Ithnaini binti Mohamed Taib (born 23 March 1952), better known by her stage name Anita Sarawak, is a Singaporean singer, actress and talk show host.

Early years
Anita is the only child of actor and director S. Roomai Noor and actress Siput Sarawak. Her parents separated when she was 9 months old and Anita lived with her father. When Anita was around 12 years old, she went to live with her mother Siput and started preparation for her acting career.

Career
At 14, Anita acted in her first film, Dua Kali Lima.

At 15, Anita started performing at weddings and other functions. Anita first came to prominence at the age of 17, when she released her debut album With A Lot O’ Soul. In 1974, she released her first Malay album.

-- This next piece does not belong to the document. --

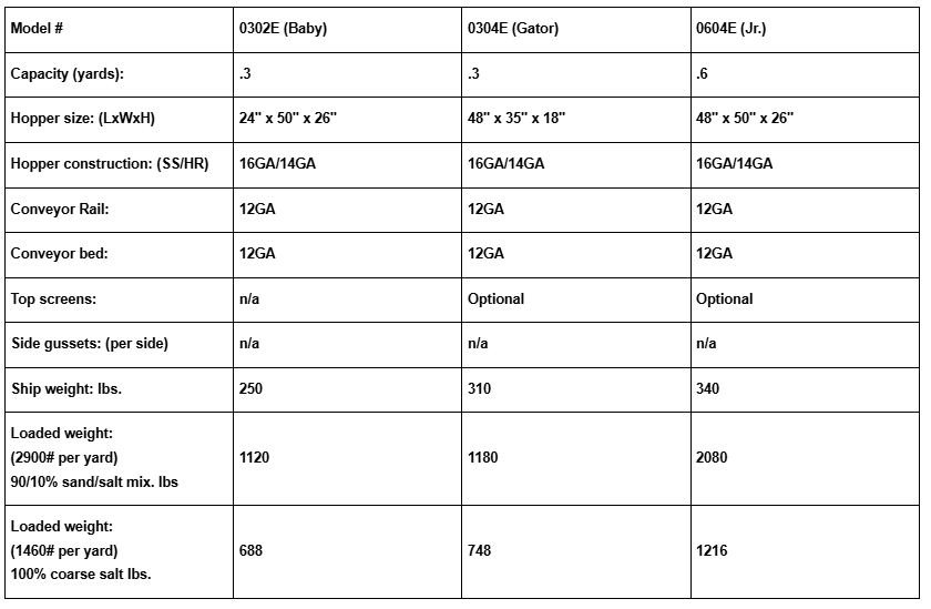 1/2 HP Electric, Stainless motor. 1/2 HP Electric, Stainless motor. 50:1 gearbox reduction @ conveyor. Enclosed motor platform w/ rear venting. 1 1/8″ diameter conveyor shafts w/ 6T cast sprockets. 662 Pintle chain w/ 8500# tensile strength. Greasable, self aligning, drive bearings throughout. Recessed lifting hook & 4 corner tie down points. Third brake light, rubber. Inverted – V deflector on 7′ & 8′ models. Adjustable feed gate w/ salt flap. Formed over rail w/ built in chain shields. Enclosed chute w/ 2 internal, & 3 external, adjustable spreading spring loaded locking rods

Throughout the 1970s, Anita actively promoted Singapore as a tourist destination through her performances. In 1974, she performed for a week in Hawaii; in 1975, she performed for nine days in West Germany; in 1976 in Monte Carlo for two weeks.

In 1979, she launched a three-month performing tour of the United States, including shows in New York, San Francisco and Chicago.

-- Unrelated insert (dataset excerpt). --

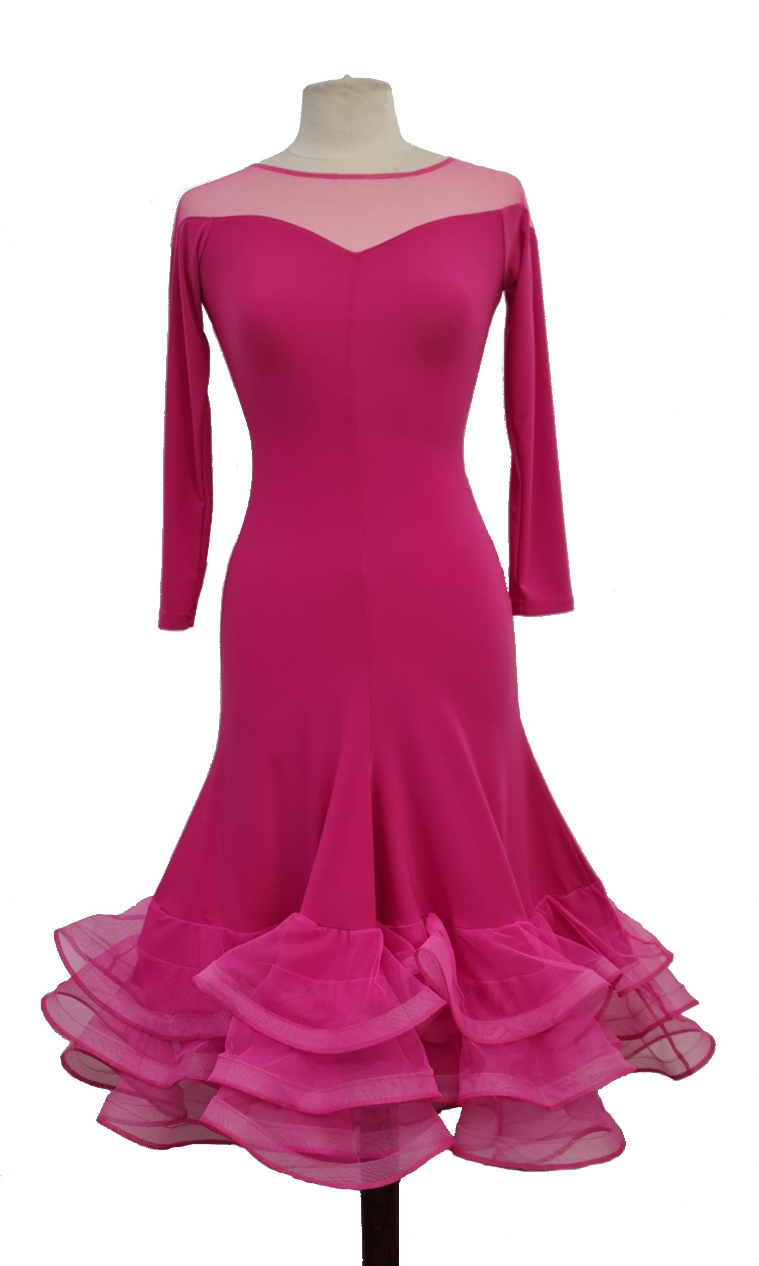 This superb panel dress has 12 vertical rows of mesh frills, which give it a lovely Ballroom style fullness. Although it is a lot of frills, this dress is very light, as the mesh fabric is very light. Sleeves are finished with middle finger loops. The dress is made in our usual two way stretch, soft dance crepe.

In 1985, she took off for Las Vegas and spent 18 years there performing at Caesars Palace.

Anita has also hosted The Anita Talkshow and Astana and acted in the telecomedy Agensi Melor and the telemove Topeng (Mask). She also released a cookbook, Cooking with Love, in 2004.

Personal life
Anita has been married four times. She is currently married to Briton Mohamad Mahathir Abdullah (formerly Martin Cox), who is her manager. The couple first met in Las Vegas, and wed in 2001.

In December 1972, Anita married Mohamed Abdul Samad. The couple divorced in August 1979.

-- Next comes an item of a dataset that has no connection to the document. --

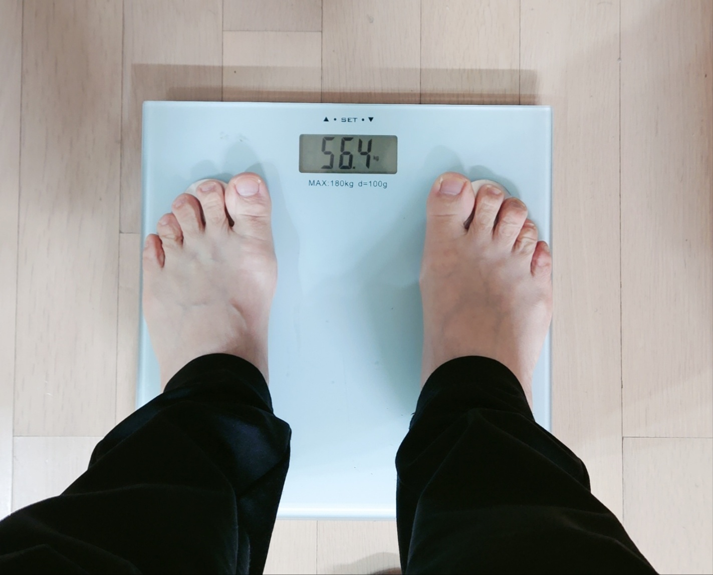 (58.3kg--> 57.4kg--> 56.8kg--> 56.4kg)

In October 1981, Anita married the Indonesian singer Broery Pesulima. Anita's father objected to the marriage as Broery is Christian while Anita is a Muslim. Broery converted to Islam during their marriage but he couple later separated. Broery would later renounce Islam and converted back to Christianity.

In 1995, Anita was caught for close proximity (khalwat) with her third husband J. D. Nicholson, who she was engaged to at the time. Anita attended a hearing in court and paid a fine.

In September 2009, Anita's husband Mohamad Mahathir Abdullah was attacked outside her stepmother Datin Umi Kalthum's home in Taman Melawati, Malaysia. Anita subsequently forgave the robbers.

In February 2011, Anita collected the Legend Award for her mother, Siput, at the Seri Temasek Awards. Anita said, "It was the proudest day of my life, an exceptional and emotional moment."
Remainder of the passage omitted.